Aug 31, 2023

Hugging Face Embeddings & Ibis: Create a Custom Search Engine for Your Data

Marlene Mhangami

Close up of a building, windows, sunlight hitting it

What Are Embeddings?

An embedding is a numerical representation of a piece of information, for example, text, documents, images, or audio. Through the process of embedding, data is translated into a list of floating point numbers, also known as a vector. One of these vectors is an embedding. The distance between two vectors measures their relatedness. Small distances suggest high relatedness and large distances suggest low relatedness.

Diagram showing how images, documents or audio can be transformed into vectors and then mapped in space to find which are most similar.

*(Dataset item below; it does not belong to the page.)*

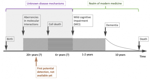 AD是一种慢性疾病,具有漫长的临床前和前驱期(20年),临床病程平均持续8至10年[4]。其病理过程始于异常的分子相互作用,最终导致神经元死亡。然而仅当大脑遭受足够严重的损伤后,患者才会表现出MCI(图2)[5]。

Image inspired by this blog post by Sung Kim


Why Use Embeddings?

When embedded data is represented as numerical vectors, semantically similar inputs are placed close together. This means that embeddings can be used as a powerful tool for various natural language processing tasks such as recommendation systems, anomaly detection, text classification, and more. So how can we turn data into embeddings? Several pre-trained models are available to do the job. In this blog post, we’ll use an embedding model from Hugging Face. Hugging Face is a community and data science platform that provides tools that enable users to build, train and deploy machine learning models based on open source (OS) code and technologies. An advantage of using Hugging Face models is that users don’t have to pay to use their APIs, which can save teams a significant amount of money.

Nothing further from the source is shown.